Esslie-Frenia Law June 2023 Leaderboard

EDITORIAL: Will Chatham learn from budget mess?


HEY, BUDDY, CAN you spare a Bitcoin? That’s the “digital currency” used to transfer value from one place to another without a bank. It’s kind of like mailing cash to a relative except without the mail … or the cash.

Maybe someday we’ll abandon money, as in paper and metal with images of long-dead historical figures in our wallets. We’ll make payments and deposits based on our selfies. Until then, we’re stuck with the need to keep track of our old-fashioned dollars, and we don’t always do that job well.

Money goes missing in lots of ways and sometimes taxpayers are the victims, even when no crime is committed, like when public officials make bad calls or do something really dumb. A few years ago, the state found that the Germantown Board of Education had amassed much larger reserve funds than the district needed. In essence the board was hoarding taxpayers’ money. The following election some new people won seats on the school board. The excess funds were used to lower property taxes.

It’s easier to solve a problem if you have too much money rather than too little. Ask the Chatham Town Board. When the 2016 budget was being prepared last year the figures indicated the town had plenty of money. But last week officials announced town government doesn’t have enough to keep operating until the end of the year. There’s a deficit of $227,000 and even with fancy financial footwork and austerity, board members don’t yet know where the last $60,000 will come from to keep government afloat through December 31.

Chatham residents should give the current board credit (so to speak) for quickly hiring auditors to identify the problem and begin working on a solution.

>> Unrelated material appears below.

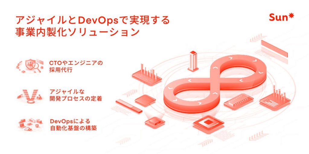 本ソリューションは、自社でプロダクトを成長させ続ける力の獲得を支援する内製化支援サービスです。組織・プロセス・技術の3軸からアプローチし、内製化の壁となる「開発カルチャー」「人材不足」「開発スピード」の課題を解消します。具体的には、CTOやリードエンジニアの採用代行から、アジャイルな開発プロセスの定着、DevOpsによる自動化基盤の構築までをパッケージ化して提供します。単なる開発代行に留まらず、最終的には外部に依存せず、自社主導で高速に価値創出を繰り返せる「持続可能な開発組織」への変革をSun*がご支援します。

At the same time the board’s gasps of disbelief suggests more drama than the figures justify: $60,000 is roughly 2% of the annual budget. It might mean layoffs, which hurt innocent people, and probably some unpopular cuts in services, but we elect public officials to make these kinds of tough decisions on our behalf.

With hindsight you can imagine the magical thinking that led to Chatham’s problem. The board had available reserves of $227,000 in 2015 and used them to offset spending. When it came time to prepare the 2016 budget, the same number was added in again without any evidence to confirm the town had that much money in the bank.

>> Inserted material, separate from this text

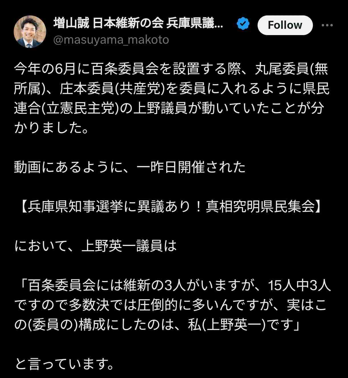 なんで百条委やめずに言わなかったの?

How would you know to ask about those reserve funds? The Office of State Comptroller Tom DiNapoli publishes a booklet online called Citizens’ Guide to Local Budgets

The booklet says that it’s normal to use reserve funds for “unforeseeable shortfalls” but cautions that “the persistent use of fund balances to cover revenue shortfalls in a budget over a number of years may be indicative of a structural problem in the budget.” For at least the last three years the Town of Chatham has had revenue shortfalls covered by fund balances. That certainly sounds like a “structural problem.”

Town Supervisor Maria Lull and Councilman Bob Balcom, both of whom were on the board when the current flawed budget was prepared, said they asked for figures from the previous supervisor, Jesse DeGroodt, at the time but did not receive any.

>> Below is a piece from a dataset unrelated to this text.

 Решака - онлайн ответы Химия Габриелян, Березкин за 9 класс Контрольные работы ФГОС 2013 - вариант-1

Could Chatham’s current budget crisis have been prevented? Yes. Who’s to blame? The responsibility starts with Mr. DeGroodt, who oversaw the budget preparation. But assigning blame is not a solution and it won’t prevent something like this from happening again.

Ms. Lull and the Town Board have promised to change the budget process, making it more inclusive and transparent. Those are necessary goals and the first practical step toward achieving them would be for the board to put the forensic audit of town finances online for everyone to read.

The board also plans to end the harebrained way the town funded infrastructure projects –paying in cash. That could put money back in the pockets of taxpayers. But making these changes permanent requires new policies so that past mistakes won’t recur.

Chatham is the latest, not the last, local municipality to screw up its budget. The board would benefit from knowing how others have handled similar deficits.

Assuming this budget mess gets resolved, other towns would be wise to contact Chatham and learn from its experience about improving their own budget process. Be wary of board members anywhere who reject this opportunity. Those unwilling to profit from mistakes like the ones in Chatham are headed for trouble themselves.